Nasik is India's wine country, so it was a shame that I visited during one of the hindu festivals where consumption of alcohol is forbidden and the vineyards were shut.  Not to worry, as I had a marvellous time with my friends Paul and Claire, and their children (who think that it is normal for people to throng to take your photo when you go for a spin in your pushchair).  From June to September 2015 Nasik will host the Hindu festival Kumbh Mela, when everyone comes and jumps in the river.  To give you an idea of how many people are expected, on one day in 2013 Allahabad saw 30 million people turn up for a dip.  Given that Nasik station can fit around 600 travellers at a push on its platforms, Paul and Claire have quite sensibly now left town.

Bloody Mary time

The wedding ceremony.  Fascinating, but not such essential viewing after someone discovered that the bar was still open outside
At weddings in Udaipur, the groom wears an awesome turban and rides a horse while his friends dance up the street.  I suspect that this is not in fact true, but was done to amuse the locals.
I wonder if this gives you any kind of complex?
The Godavari River, definitely ready for 30 million bathers
These locals were very excited to find another white face

Tuesday, 29 July 2014

India - Delhi and Agra

I spent a fortnight in India in January - the reason I have waited so long to blog about it is not due to some traumatic experience in an ashram but because my photos are so poor that until now I couldn't bring myself to illustrate a post with them.

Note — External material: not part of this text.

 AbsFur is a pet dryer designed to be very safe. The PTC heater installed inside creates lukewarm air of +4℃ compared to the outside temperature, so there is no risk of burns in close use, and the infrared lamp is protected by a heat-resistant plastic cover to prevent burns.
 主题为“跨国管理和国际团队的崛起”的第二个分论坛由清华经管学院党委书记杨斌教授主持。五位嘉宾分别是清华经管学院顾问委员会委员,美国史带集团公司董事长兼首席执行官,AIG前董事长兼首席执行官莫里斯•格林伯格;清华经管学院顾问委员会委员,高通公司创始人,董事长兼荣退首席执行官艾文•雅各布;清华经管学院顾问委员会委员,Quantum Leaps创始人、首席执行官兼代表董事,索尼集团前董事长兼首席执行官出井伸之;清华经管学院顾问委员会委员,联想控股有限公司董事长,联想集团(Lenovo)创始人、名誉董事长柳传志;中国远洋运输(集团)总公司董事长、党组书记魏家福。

I was told that everyone in Delhi would try to con me, and at the airport I was glad to be able to ignore the advice I received from a passing taxi driver that the underground railway was shut due to fog.  In town I found a rickshaw driver who suggested I call my hotel to get directions.  He let me use his phone, and was even kind enough to key in the number himself when I read it out.  The hotel explained that they were terribly sorry but all the roads around had been closed due to the huge religious festival in town that weekend.  The driver suggested he take me to the Official Tourist Office of India so that they could find me a hotel.  He took me to a building which in hindsight may not have been the Official Tourist Office of India, although they did have a poster of the Taj Mahal.  The man there invited me to speak on the phone to a few hotels, which were all full and which I now realise were being voiced by someone in the next door office.  The only thing for it was to go to Agra for the night, and by happy chance this fellow owned a travel company that could sell me a trip there for a very reasonable price!  And so it was that I got to see the Taj Mahal and returned to Delhi in time for my flight to Udaipur a satisfied customer of this intricate and impressive scam.

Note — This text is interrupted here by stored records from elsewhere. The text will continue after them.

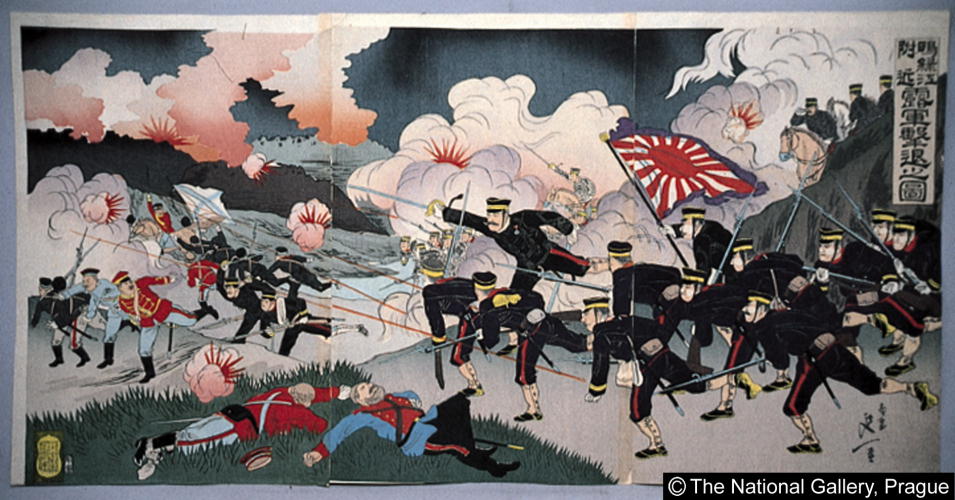 鴨緑江附近露軍撃退之図/ Attack on the Russian Army Near the Yalu River |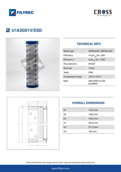 Engineered with their high performance media and a durable design, the U163G01V/ESD provides reliable and consistent performance over its lifespan, even in harsh operating environments. When you order from FilterFinder, you can trust that you are getting a reliable and high-quality replacement filter that will keep your system running smoothly.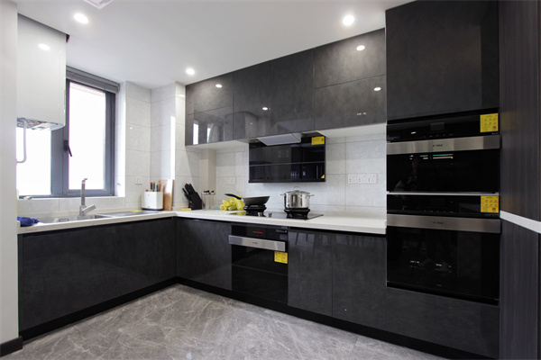 開放式廚房墻面以瓷磚為主,避免油煙污染,難以清理,與玄關客廳的吧臺隔斷,是廚房成為一個獨立空間。蒸箱、烤箱、洗碗機內嵌柜體之中,避免了電器的雜亂擺放,增加空間之需。深灰色系櫥柜有種典雅高貴的美感,無拉手的設計,更是使廚房空間變得簡潔明了。

This might be the worst photo ever taken at the Taj Mahal

The dream tourist site for a Brit.  No idea what the queue was for.
I don't think this photo is bad
Magnificent view of Taj Mahal from Agra Fort
None of this sign makes sense to me, but nonetheless I would like a wazoo tank installed in my flat.

Sunday, 18 May 2014

The Turkish Bath


A visit to a Turkish bath on a Sunday evening is just the thing, although probably best avoided if you have a problem with public nudity, either yours or that of the very fat Turkish man sitting opposite you.

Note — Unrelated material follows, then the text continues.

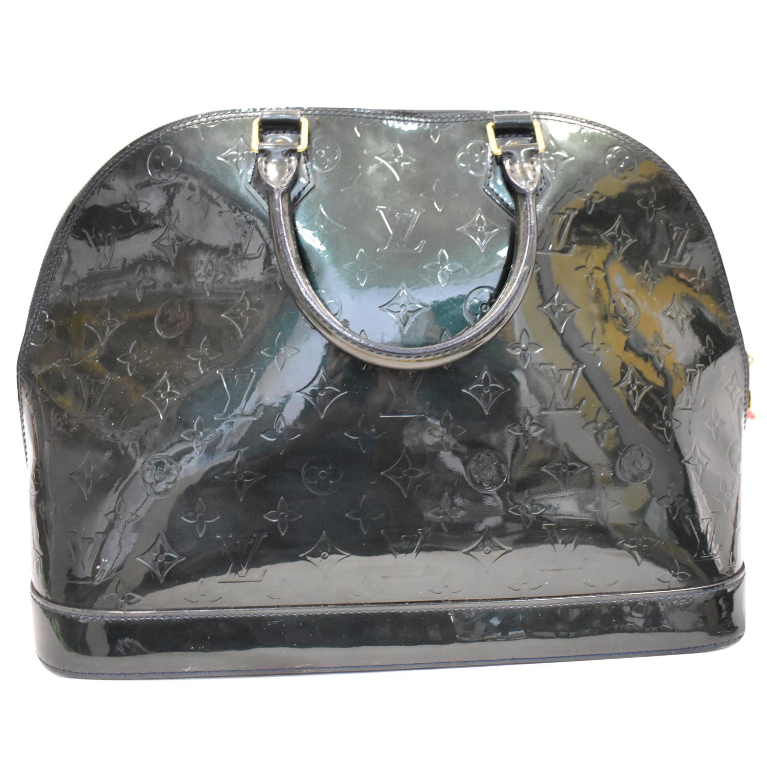 Alma Large GM Vernis Monogram Leather Satchel Bag Dark Green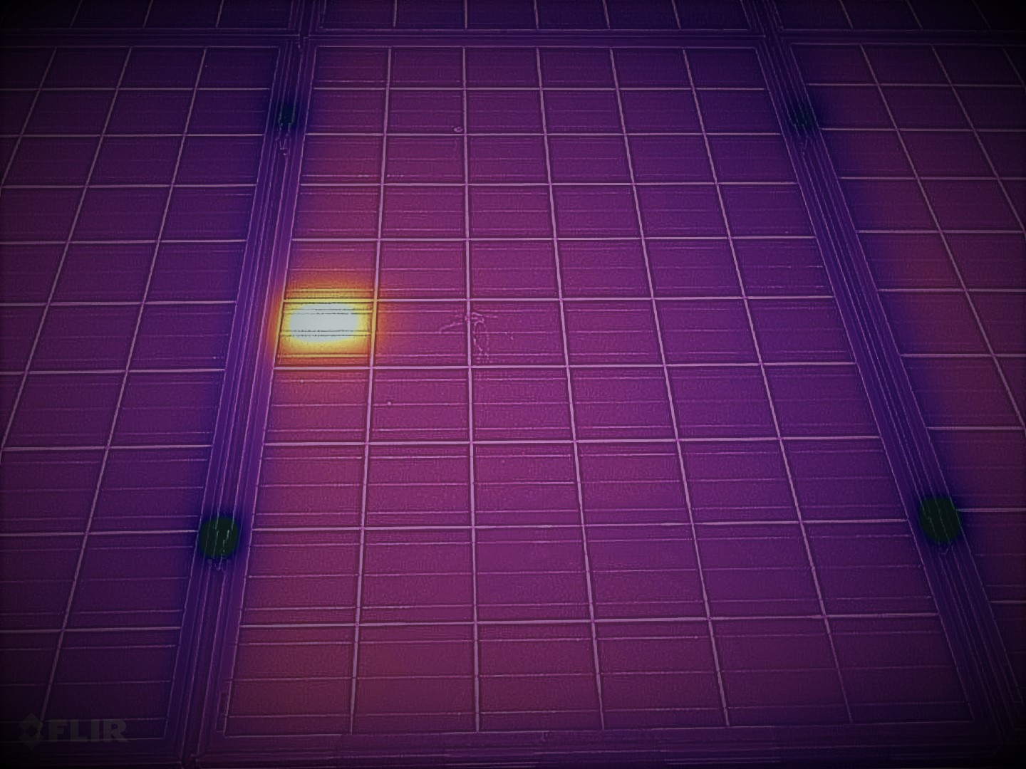 Příklad vadného nového panelu, který byl způsoben výrobní vadou pájení.

The bath house in the Antakya market can't have changed at all for the last 100 years, apart from the electronic massage chair just inside the entrance.  It is open to both men and ladies, only at different times, and I believe the opening hours for ladies are a little restricted.

You are given a loincloth, and first you hang around lying on marble slabs in a very hot room.  Then a man attacks you with a brillo pad and removes about a pound of skin from your body.  His friend then washes you all over with some sort of carbolic soap – this is a little disconcerting as they begin by covering your face with soap so you can’t open your eyes and then suddenly whip off your loin cloth or hurl hot water at your chest or give you a good thump on the stomach with a wet sponge.

The end result is that you are so clean that surely there is no need to wash for at least another week.
The outside of the bath house - you really don't want to see any photos from inside.